With Unix, various licensing deals meant lots of companies could sell something called "Unix", no matter how incompatible it was. As long as Sun cares, all they need do is deny the right to use the Java™ name to any implementation that doesn't meet their compatibility criteria.
Posted by: Drew at June 27, 2006 02:26 PMAs the article points out, Sun can't stop open source Java from happening, so the question becomes which they would prefer: incomplete, slow, open-source VMs developed by volunteers or a complete, thoroughly-tested open-source VM (HotSpot). Opening the HotSpot source actually reduces forking, because developers and distributors are more likely to just use HotSpot than to try to develop their own.
Posted by: Wes Felter at June 27, 2006 07:14 PMFor the record I did not say "just a few months". I said "in months, not years" indicating the timescale is not a distant one. But it's not as near as IDG is implying either.
Posted by: Simon Phipps at June 28, 2006 04:39 AMIMHO the key to successful open source projects is good leadership. Linux and Apache have them. If open source Java has good leadership and a good process for managing change, there's no reason to assume it will fork. Based on these other projects, I think the fear of forking is a red herring.

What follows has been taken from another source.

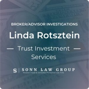 If you have any information about Linda Rotsztein that you would like to share or discuss, please call our firm for a confidential consultation. We represent investors in claims against negligent brokers and brokerage firms. If you or your loved one experienced investment losses, we are here to help. For a free consultation, please call us now at 866-827-3202 or complete our contact form.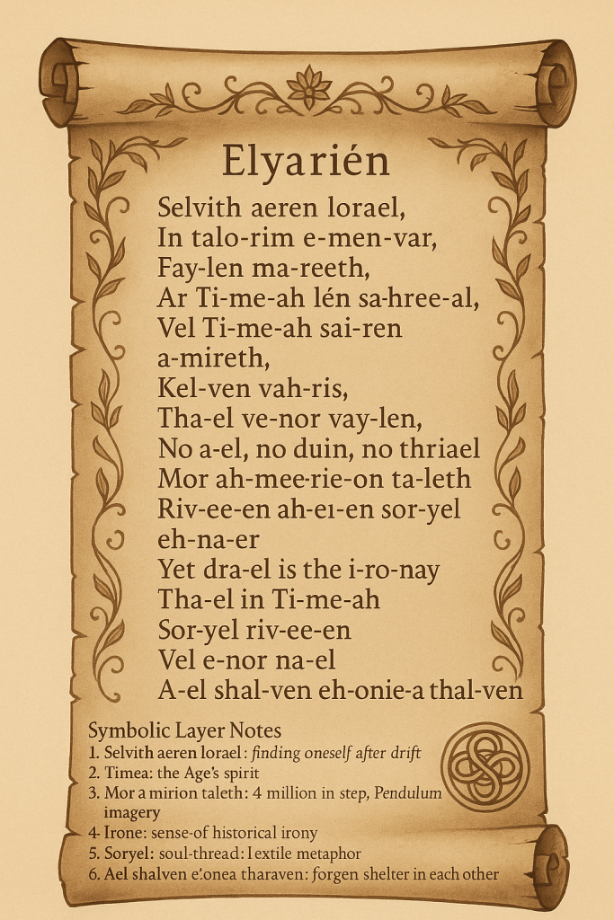 And so after the Great Purge, Arananyel lost his beloved Siraël. Just when they had co-created a language, as a long time coming revelation, for the subjects of the Land, called Elyariën. A whisper and wind based language that matched the breath, cadence and pace of the Architect, born of Fragrance and Flatulence sewn and woven into their very fabrics of space and time.

Posted by: Jeff Sussna at June 28, 2006 10:27 AMShould we care about Java Variants? Since the dawn of hard drives, time-stressed people have tended to choose vendor locked technologies. More "resourced" people do not. Given few can see where their code will wind up, it is simply a "pay now", or "pay latter" choice. IMO, most of us should be more worried about the rate of framework deprecation, than language syntax variations. Caveat developer: For every COBOL, there should ever be a WATBOL. Open source or no, natural "selection" is the price we pay for progress... .NET, anyone?
Posted by: Randall Nagy at June 28, 2006 11:53 AMMaybe Sun is just looking in the mirror too much. Kaffe seems nice, nice website. They have competition already. Competition is a good thing I think. They'll have to form a Java community base like the Linux Standard Base though if there are a lot of forks then the fork has to comply. Do they have something like this with their GPL: hardware and software?
I have heard they don't want it to be like Linux. Well Linux is Linux no matter how many forks there are. Java is Java.
Also there could be languages that might appear similar to Java but want to retain separate.